Right this very moment, I sit. I sit on my couch in my apartment, and I watch TV. It’s been a great quarter.
This morning, I registered for Practice Court. I registered, and so it’s now registering with me how full-circle the Baylor Law School experience is coming.
There are some exciting things on tap for this year. But, a lot stands between me and those goals and milestones. I probably shouldn’t be looking at it that way. I should even savor this time that’s sure to stretch and stress me. Odds are that I won’t–that I’ll grow complacent even when I’m in constant motion. I hope to understand that life isn’t all about moving forward.

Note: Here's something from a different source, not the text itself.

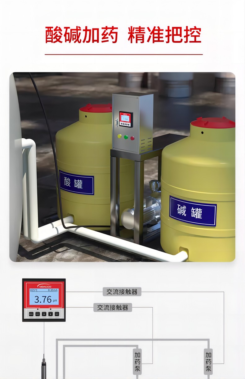 pH/ORP 控制器广泛应用于火电、化工化肥、冶金、环保、制药、生化、食品和自来水等行业,对溶液中 pH 值或 ORP 值和温度连续监测。连续监测数据通过变送输出连接记录仪实现远传监控与记录。CN5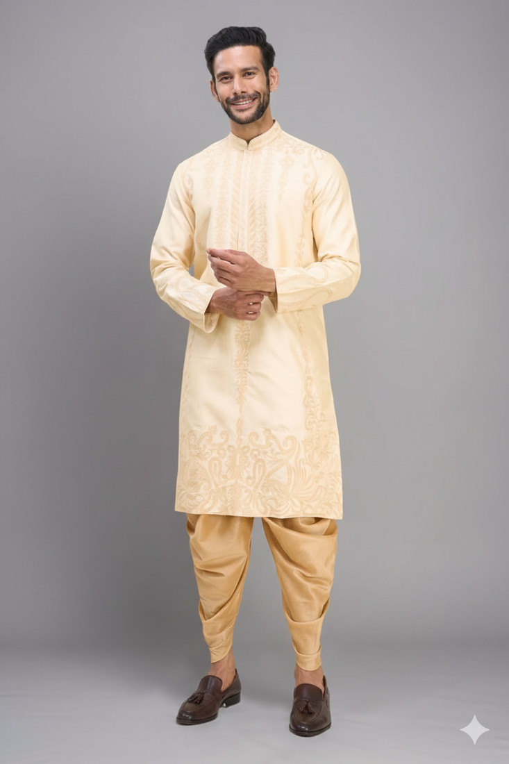 Yellow embroidered men’s silk kurta patiala set

Sometimes it’s about the striving in the day at hand as opposed to constantly looking toward milestones. My point to myself is that it’s not an all or nothing approach. I must actively understand that life is best when viewed in terms of future, past, and present together–not one to the exclusion of the others.
I have been lavished with blessing in 2009. I look back to those good things, and I look forward. I also look to the essence of each day as it unfolds. Right now, the circumstances are perfect for the triune view. The weather is cold, my abode is warm and I’m fresh with holiday cheer that comes from spending time with friends and family. As the weather outside registers a higher temperature, indicating a new season, I arise to new tasks and new challenges. I am truly excited. I’m positive that there are many things that I won’t enjoy, but I sincerely hope that with the pain and sleeplessness I become a better person. That means that I hope I come out on the other side more determined to be balanced and to excel professionally. I hope all the sweat and blood truly yields a better, more competent person.
As it stands, I will proceed as though it will. However, if it registers that the events of the coming months are just some sort of unbelievable exercise in a twisted game, I’m prepared to tackle that at its face value. Either way, I hope that I keep the most positive outlook possible. As the recurring optimist in me thinks, I should weather life’s storms better if only I keep an agreeable view of things. It’s an active choice I intend to make as often as I remember to do so. May it be often.
[Photo is in the heart of Santa Fe from my weekend trip in Summer 2009.]